The informant who had helped the police had spent more than 20 years in various jails, psychiatric clinics and penal institutions, among other things, for robbery and arrest of a policeman, and was identified as violent. He was released in the spring of 2017. According to his own information, in the summer of 2019 he contacted an extremist chat group, which was looking for "patriots who were willing to fight and who were determined to do everything." After a few weeks, Werner S.'s radicalization scared him, so he contacted the security authorities and reported the terrorist plans.

==Recruitment on the Internet==
Since the fall of 2018, Marion G. created private groups on Facebook for “comrades who didn't just want to chat”. As of January 2019, she founded the chat group "Der harte Kern" and other chat groups in the messaging service such as Telegram, where she met and added more extremists over the months. In these chat groups and by phone, Werner S. was looking for men who were willing to make direct attacks. The profile Werner was looking for in applicants was that they had to be "smart, tough, brutal, fast, energetic" and trust yourself to "do more than participate in demonstrations." Werner recruited his members in very different settings, in Facebook groups, Twitter, Telegram, self-defense groups, rock clubs and neo-Nazi collectives who were united by their hatred of foreigners, refugees and Muslims. In the group they showed in the phone calls and intercepted talks a mixture of imperial bourgeoisie, Germanic mythology and xenophobia. In addition, the group did not rule out the use of suicide attacks, according to the findings of the researchers initially planned to use online recruitment to build a "clandestine army" inspired by the "Freikorps" during the Weimar Republic.

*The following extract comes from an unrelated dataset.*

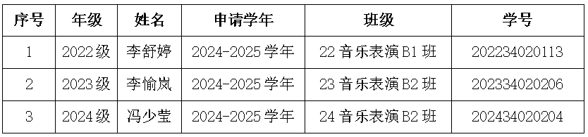 根据《关于做好新生奖学金获得者2024-2025学年考核及奖金发放工作的通知》的文件精神和要求,经学生申请、民主评议、音乐学院新生奖学金评审小组审核和学院党政联席小组评审,现将我院2022级、2023级和2024级新生奖学金初审名单公示如下。公示期间,任何对评审结果有异议者都可以通过来访或书信等形式向音乐学院学生工作办公室反映公示对象的问题,反映者要用真实姓名,并提供联系方式,匿名则不予受理,以示负责。

In their talks, the group is said to have also shared photographs of weapons that they themselves made, as well as sharing their fantasies of violence. Several of the participating members were "Preppers and had begun to gather supplies and weapons, although Marion had a particularly close relationship with Werner S., they never exchanged views with him or other members of the chat about weapons and threats of attack. Werner S.'s arrest surprised her, so she deleted their chats from her mobile phone after finding out.